[INPUT MATERIAL — start]

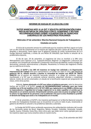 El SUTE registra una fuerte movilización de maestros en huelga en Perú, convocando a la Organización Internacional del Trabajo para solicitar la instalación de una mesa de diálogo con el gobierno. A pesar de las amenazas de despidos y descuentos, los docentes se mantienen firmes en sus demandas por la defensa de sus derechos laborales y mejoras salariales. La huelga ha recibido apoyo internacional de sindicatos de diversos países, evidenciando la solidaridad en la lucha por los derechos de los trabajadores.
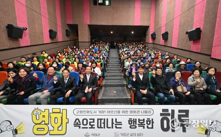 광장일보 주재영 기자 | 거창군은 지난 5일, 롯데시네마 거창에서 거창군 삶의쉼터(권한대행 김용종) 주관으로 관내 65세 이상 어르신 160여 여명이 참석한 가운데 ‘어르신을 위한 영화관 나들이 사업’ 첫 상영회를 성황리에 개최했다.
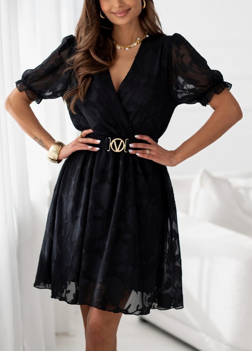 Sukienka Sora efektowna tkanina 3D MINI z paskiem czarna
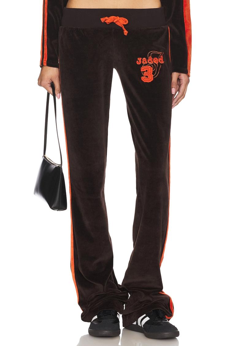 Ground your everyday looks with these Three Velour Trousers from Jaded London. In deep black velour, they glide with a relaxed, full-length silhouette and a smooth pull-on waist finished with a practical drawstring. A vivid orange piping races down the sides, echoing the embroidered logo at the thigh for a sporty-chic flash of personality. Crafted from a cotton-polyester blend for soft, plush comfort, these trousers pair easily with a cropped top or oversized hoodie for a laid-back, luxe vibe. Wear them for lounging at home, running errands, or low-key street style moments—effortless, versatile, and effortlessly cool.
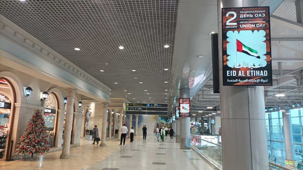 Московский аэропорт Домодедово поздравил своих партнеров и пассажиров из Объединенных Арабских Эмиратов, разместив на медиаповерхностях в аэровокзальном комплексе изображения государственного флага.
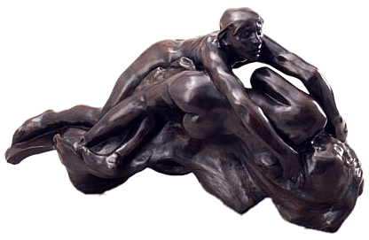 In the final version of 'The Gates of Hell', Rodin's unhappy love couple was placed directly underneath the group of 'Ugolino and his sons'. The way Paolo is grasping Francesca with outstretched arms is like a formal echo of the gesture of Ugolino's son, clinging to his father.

[INPUT MATERIAL — finish]
[INPUT MATERIAL — start]

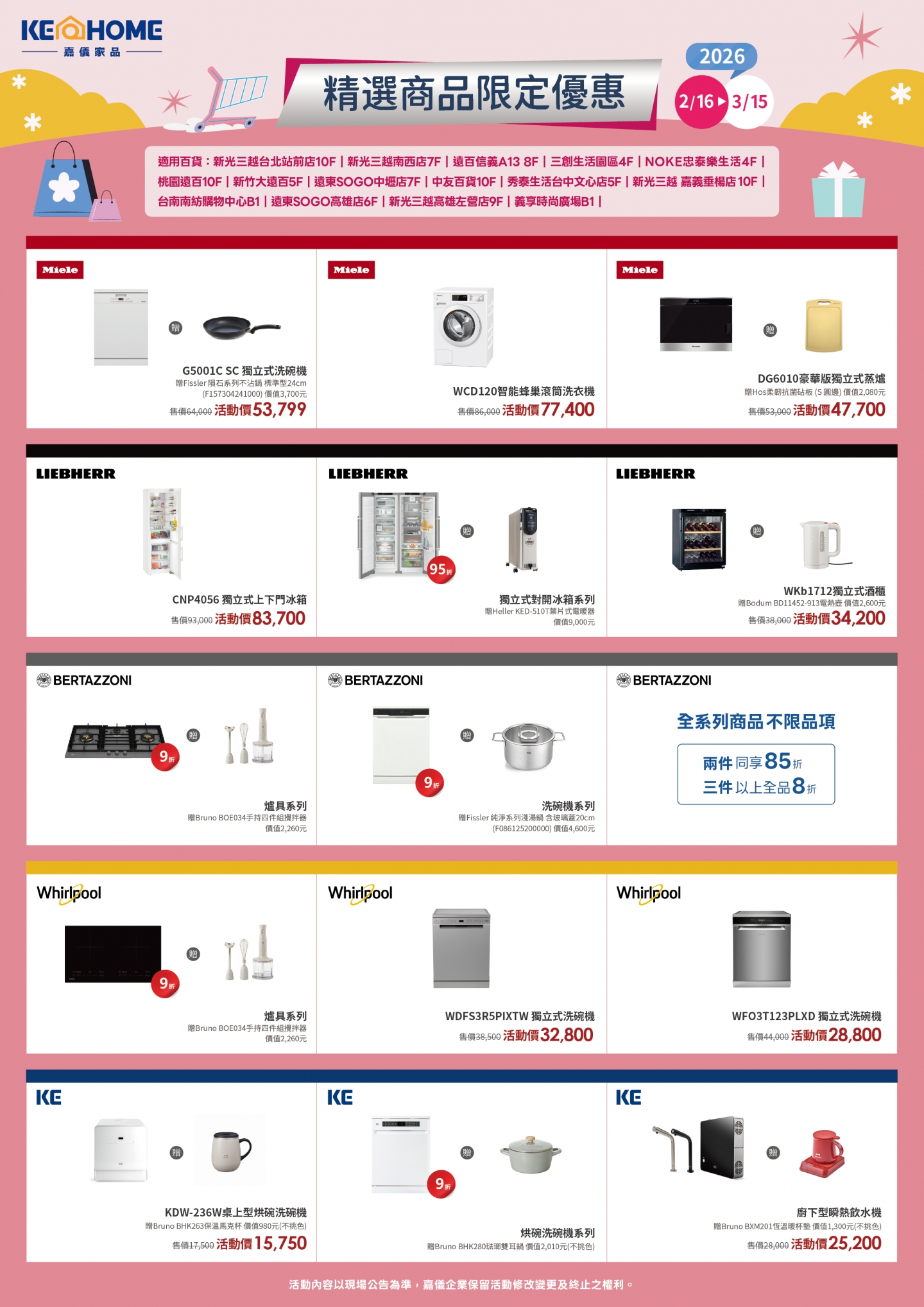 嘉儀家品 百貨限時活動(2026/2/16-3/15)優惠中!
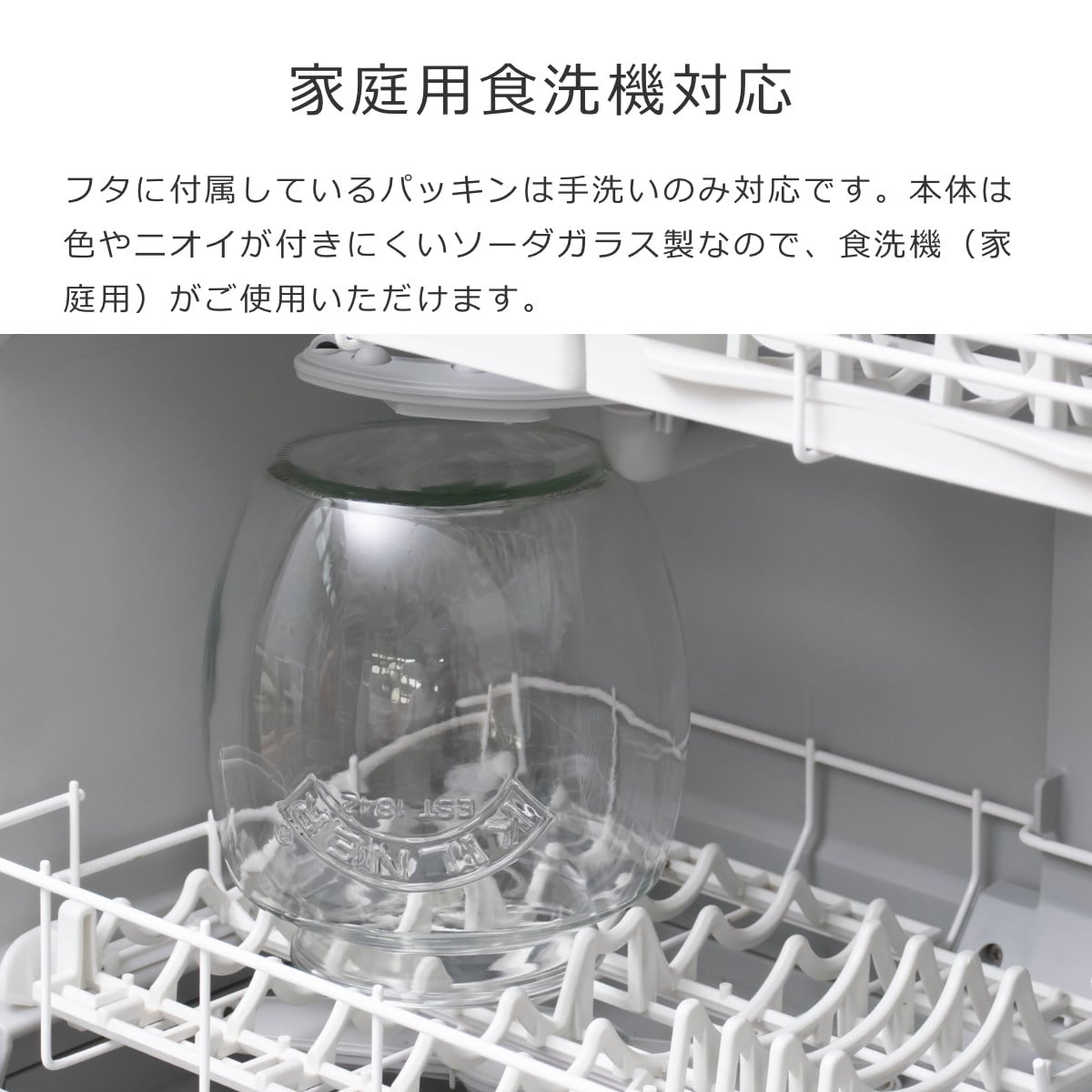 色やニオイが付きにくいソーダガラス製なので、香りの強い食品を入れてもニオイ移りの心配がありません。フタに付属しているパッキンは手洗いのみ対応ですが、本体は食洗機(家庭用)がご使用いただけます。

[INPUT MATERIAL — finish]
[INPUT MATERIAL — start]

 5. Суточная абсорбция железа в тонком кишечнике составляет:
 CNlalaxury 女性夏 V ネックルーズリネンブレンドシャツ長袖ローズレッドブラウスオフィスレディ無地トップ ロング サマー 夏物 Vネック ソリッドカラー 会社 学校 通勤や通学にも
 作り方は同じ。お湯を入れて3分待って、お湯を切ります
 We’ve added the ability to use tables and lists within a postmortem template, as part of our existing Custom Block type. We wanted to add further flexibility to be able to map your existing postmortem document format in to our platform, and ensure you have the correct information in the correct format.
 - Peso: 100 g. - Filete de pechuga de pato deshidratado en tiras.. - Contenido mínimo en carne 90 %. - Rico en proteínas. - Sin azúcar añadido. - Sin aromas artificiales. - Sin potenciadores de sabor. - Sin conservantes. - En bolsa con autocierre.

[INPUT MATERIAL — finish]

* TASK DETAILS *
Within the data above, the span starting at the line containing "作り方は同じ。お湯を入れて3分待って、お湯を切ります" and ending at the line containing "- Peso: 100" is to be retyped exactly, with no other lines.

* OUTPUT FOR THIS EXERCISE *
 作り方は同じ。お湯を入れて3分待って、お湯を切ります
 We’ve added the ability to use tables and lists within a postmortem template, as part of our existing Custom Block type. We wanted to add further flexibility to be able to map your existing postmortem document format in to our platform, and ensure you have the correct information in the correct format.
 - Peso: 100 g. - Filete de pechuga de pato deshidratado en tiras.. - Contenido mínimo en carne 90 %. - Rico en proteínas. - Sin azúcar añadido. - Sin aromas artificiales. - Sin potenciadores de sabor. - Sin conservantes. - En bolsa con autocierre.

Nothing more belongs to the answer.